REQUIREMENT: Give a verbatim copy of the lines below, minus the pictures.
------ DATASET CONTENT ------
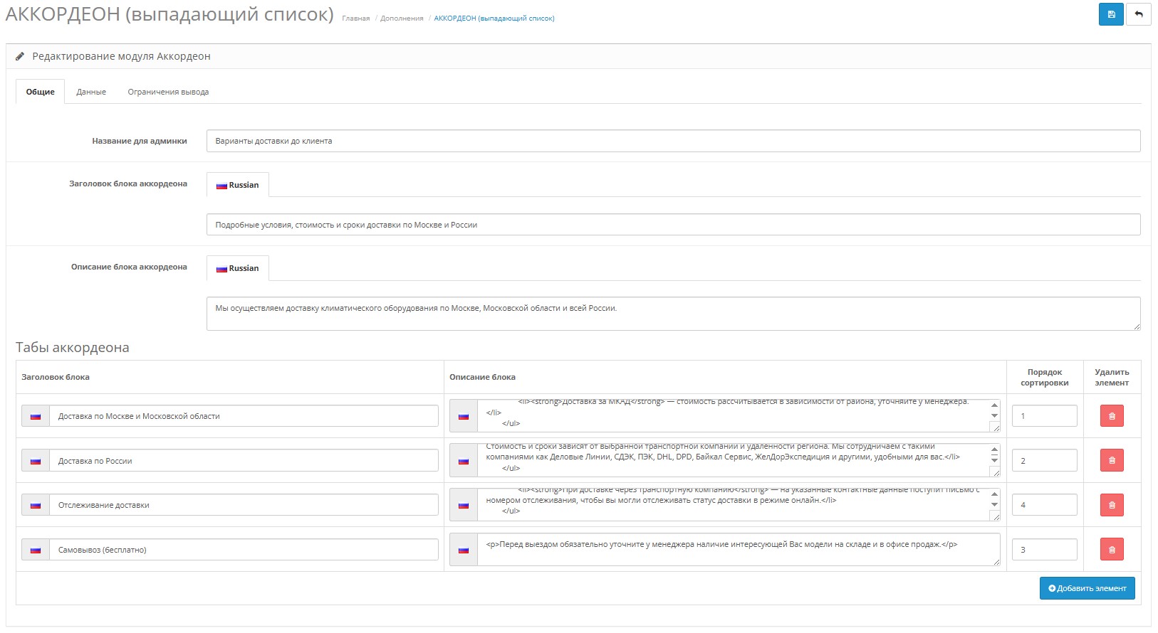 - Создайте вкладки (табы) аккордеона: впишите заголовки и описания, укажите сортировку.
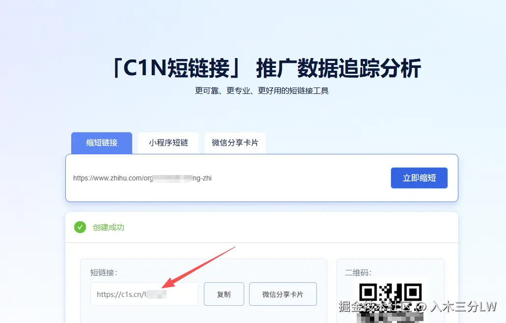 按上述步骤操作完之后,就可以获取到二维码背后的原始链接了,复制链接,然后在C1N短链接(c1n.cn)首页粘贴刚刚的链接,点击【立即缩短】即可得到对应的短连接了。
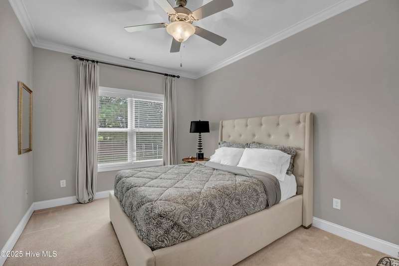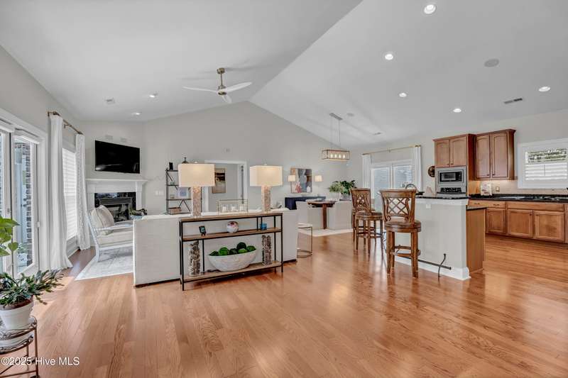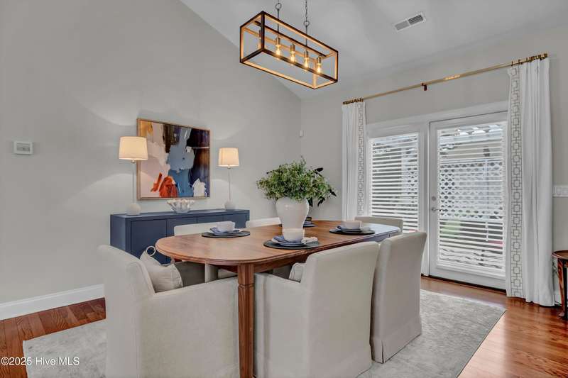 Located in a cul-de-sac within the Jefferson Landing neighborhood of Brunswick Forest, this beautifully updated, move-in ready home offers 2,227 sq ft of thoughtfully designed living space with tasteful upgrades throughout. The 3-bedroom, 2.5-bath layout includes select accessibility modifications, such as widened doorways and halls in certain areas, offering added functionality without sacrificing style.The main living area features soaring vaulted ceilings that create an open and airy feel, seamlessly connecting to the kitchen and dining areas. The kitchen boasts granite countertops, stainless steel appliances, and abundant cabinet space plus a custom-installed dry bar perfect for entertaining. A versatile office or flex space sits at the front of the home, ideal for working remotely or relaxing.The spacious primary suite includes a walk-in closet and a spa-like bathroom with a soaking tub, tiled walk-in shower, and double vanity. Engineered hardwood floors can be found throughout the home. Outdoor living is a highlight, with two distinct spaces: a covered lanai on one side of the home and a separate patio with a pergola on the other offering flexibility for both relaxing and hosting. Additional features include an epoxy-coated garage floor and freshly painted garage walls. Updated mechanicals include a new HVAC system in 2018 and hot water heater in 2021.Set on a 0.31-acre lot in one of the area's most popular master-planned communities, this home offers comfort, quality, and convenience in a sought-after location just minutes from downtown Wilmington.
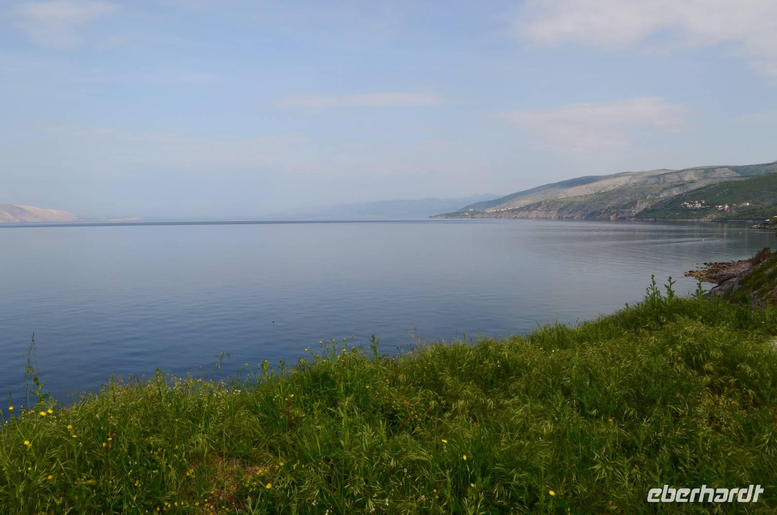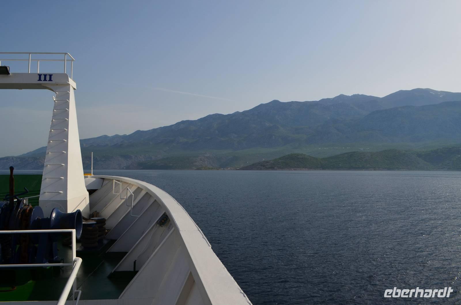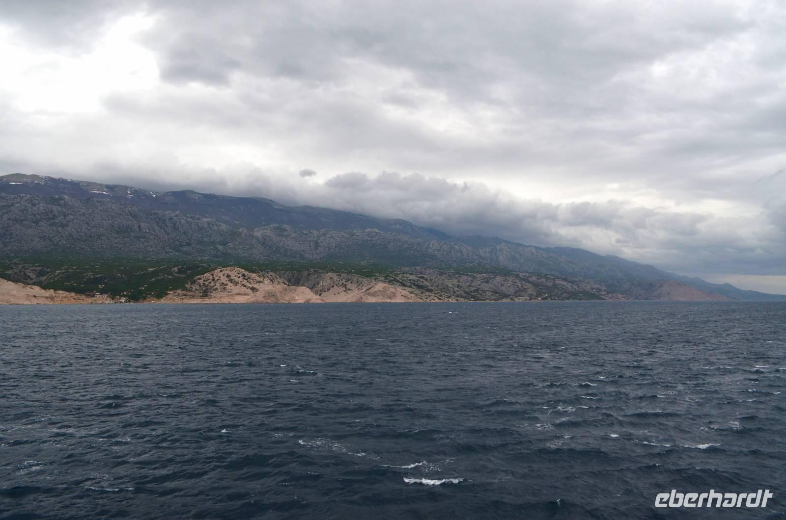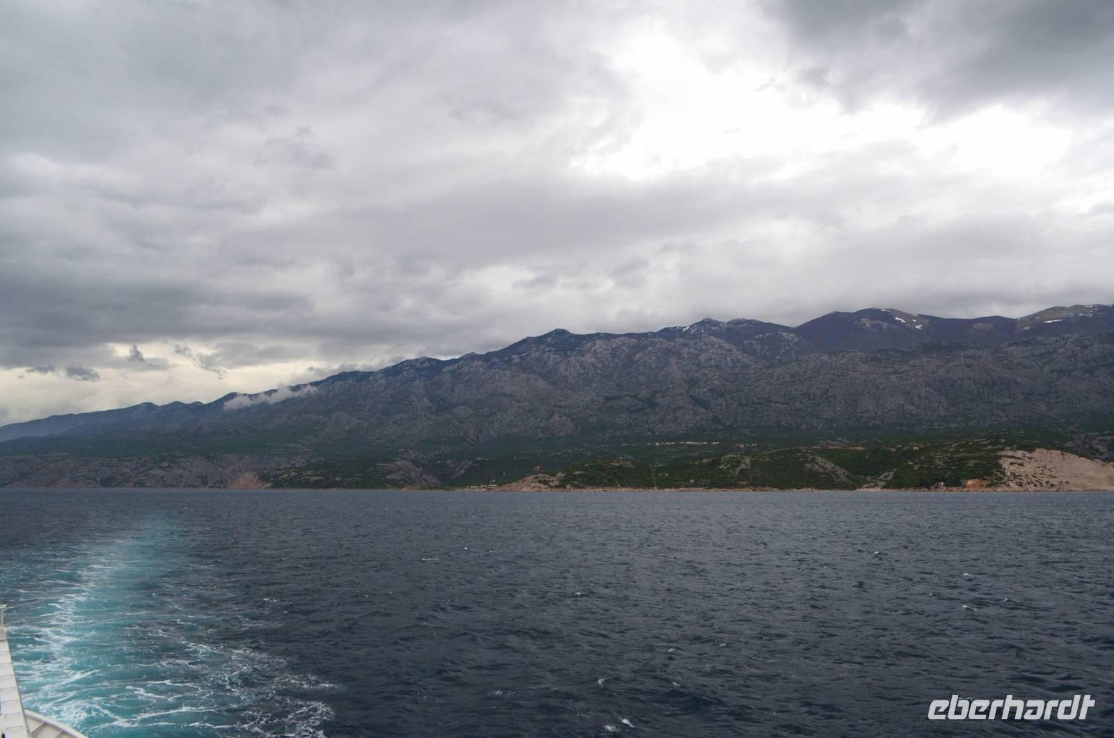 Die Fähre bringt uns ans Festland und unter den hohen Bergen des Velebitgebirges schlängelt sich die Küstenstraße über Senj nach Rijeka. Die Blicke auf die davor in der Adria liegenden Inseln sind überwältigend.
------
ANSWER:
 - Создайте вкладки (табы) аккордеона: впишите заголовки и описания, укажите сортировку.
 按上述步骤操作完之后,就可以获取到二维码背后的原始链接了,复制链接,然后在C1N短链接(c1n.cn)首页粘贴刚刚的链接,点击【立即缩短】即可得到对应的短连接了。
 Located in a cul-de-sac within the Jefferson Landing neighborhood of Brunswick Forest, this beautifully updated, move-in ready home offers 2,227 sq ft of thoughtfully designed living space with tasteful upgrades throughout. The 3-bedroom, 2.5-bath layout includes select accessibility modifications, such as widened doorways and halls in certain areas, offering added functionality without sacrificing style.The main living area features soaring vaulted ceilings that create an open and airy feel, seamlessly connecting to the kitchen and dining areas. The kitchen boasts granite countertops, stainless steel appliances, and abundant cabinet space plus a custom-installed dry bar perfect for entertaining. A versatile office or flex space sits at the front of the home, ideal for working remotely or relaxing.The spacious primary suite includes a walk-in closet and a spa-like bathroom with a soaking tub, tiled walk-in shower, and double vanity. Engineered hardwood floors can be found throughout the home. Outdoor living is a highlight, with two distinct spaces: a covered lanai on one side of the home and a separate patio with a pergola on the other offering flexibility for both relaxing and hosting. Additional features include an epoxy-coated garage floor and freshly painted garage walls. Updated mechanicals include a new HVAC system in 2018 and hot water heater in 2021.Set on a 0.31-acre lot in one of the area's most popular master-planned communities, this home offers comfort, quality, and convenience in a sought-after location just minutes from downtown Wilmington.
 Die Fähre bringt uns ans Festland und unter den hohen Bergen des Velebitgebirges schlängelt sich die Küstenstraße über Senj nach Rijeka. Die Blicke auf die davor in der Adria liegenden Inseln sind überwältigend.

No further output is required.